REQUIREMENT
Since the records include pictures, leave those out while you reproduce exactly and only the lines from the one containing "温馨提示:2023年幼升小入" through the one containing "Bàn ghế thí", inclusive.

GIVEN DATA
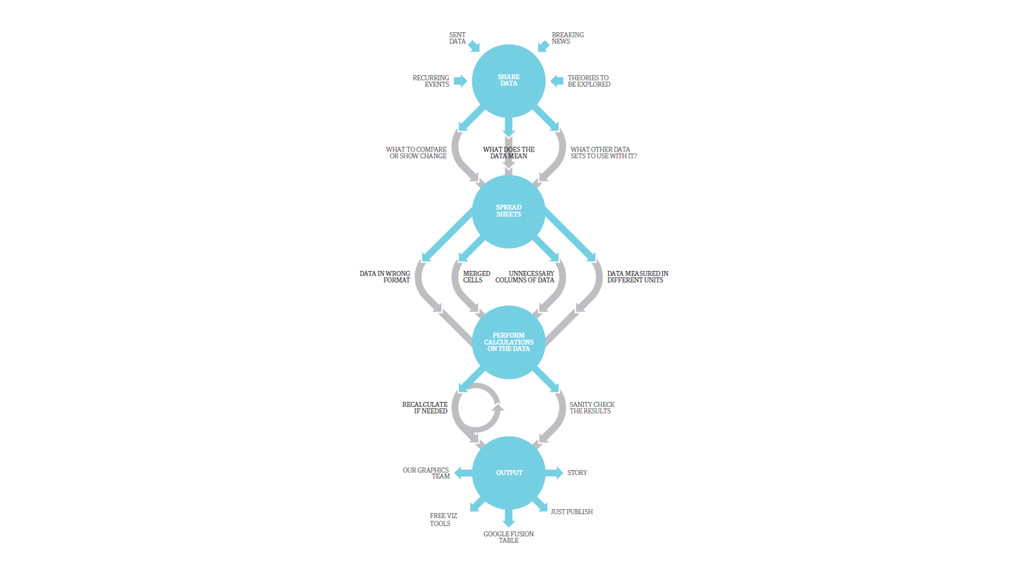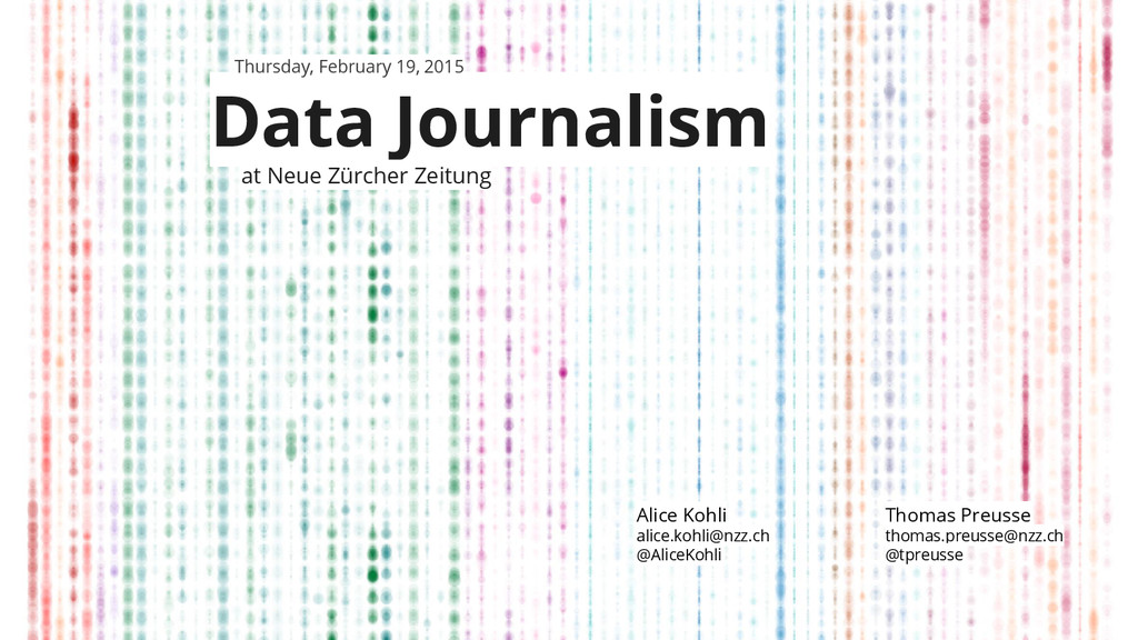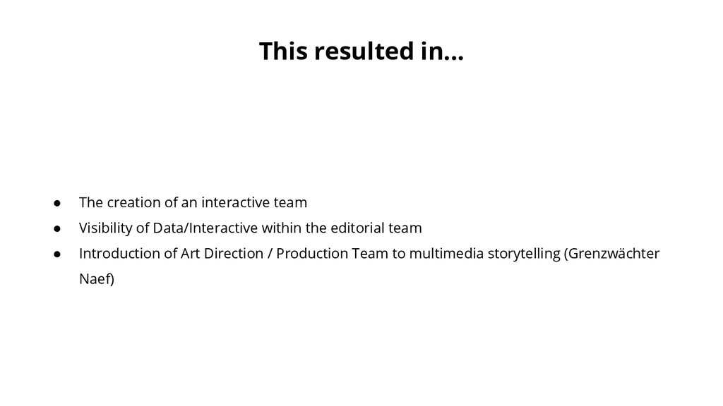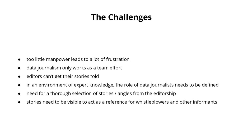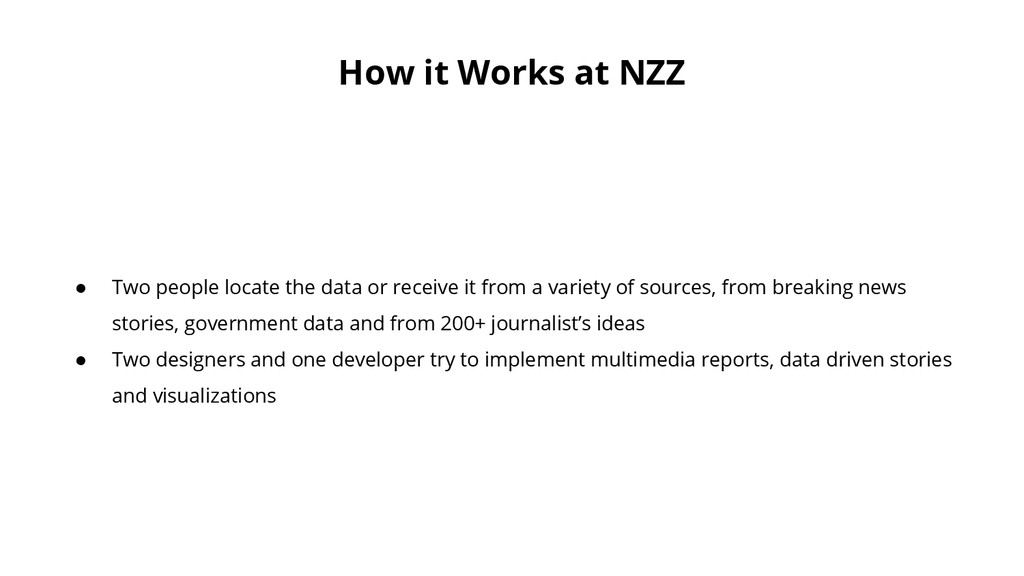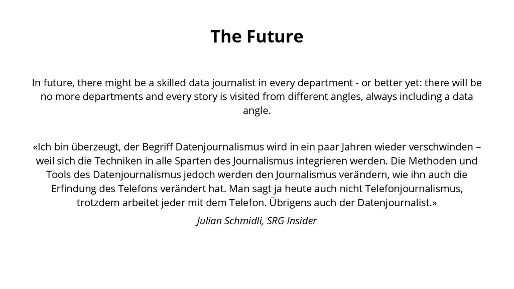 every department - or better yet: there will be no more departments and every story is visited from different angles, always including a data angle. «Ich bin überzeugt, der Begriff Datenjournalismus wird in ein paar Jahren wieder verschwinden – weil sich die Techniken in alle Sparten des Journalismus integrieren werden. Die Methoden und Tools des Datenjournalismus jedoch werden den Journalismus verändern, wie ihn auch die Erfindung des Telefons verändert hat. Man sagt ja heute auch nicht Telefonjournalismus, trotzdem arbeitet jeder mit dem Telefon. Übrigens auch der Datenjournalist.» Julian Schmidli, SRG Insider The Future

--

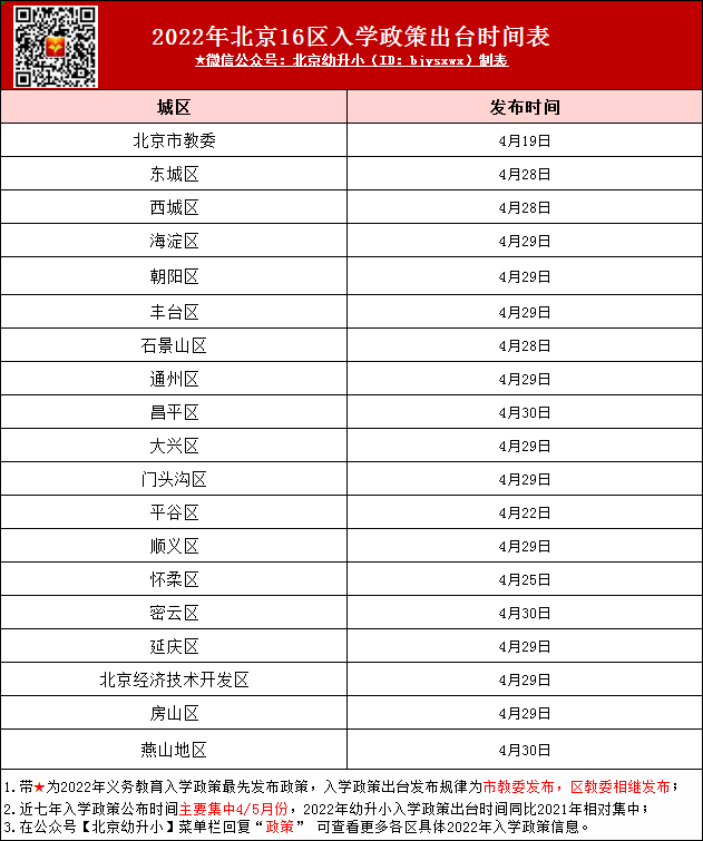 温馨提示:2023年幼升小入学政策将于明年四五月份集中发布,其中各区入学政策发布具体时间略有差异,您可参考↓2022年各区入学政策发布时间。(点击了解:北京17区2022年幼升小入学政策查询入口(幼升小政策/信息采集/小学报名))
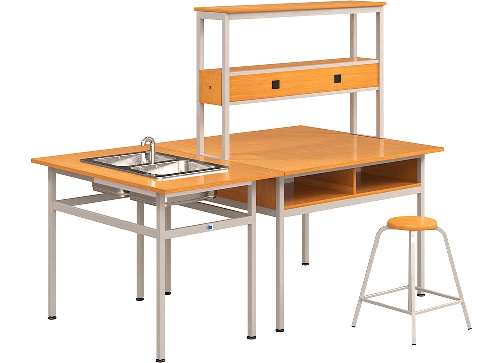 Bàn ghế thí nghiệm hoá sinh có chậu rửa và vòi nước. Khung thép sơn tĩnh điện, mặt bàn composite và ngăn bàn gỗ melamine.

==

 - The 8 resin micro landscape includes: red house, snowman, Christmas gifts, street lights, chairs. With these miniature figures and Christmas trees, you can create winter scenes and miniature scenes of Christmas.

OUTPUT FOR THIS EXERCISE
 温馨提示:2023年幼升小入学政策将于明年四五月份集中发布,其中各区入学政策发布具体时间略有差异,您可参考↓2022年各区入学政策发布时间。(点击了解:北京17区2022年幼升小入学政策查询入口(幼升小政策/信息采集/小学报名))
 Bàn ghế thí nghiệm hoá sinh có chậu rửa và vòi nước. Khung thép sơn tĩnh điện, mặt bàn composite và ngăn bàn gỗ melamine.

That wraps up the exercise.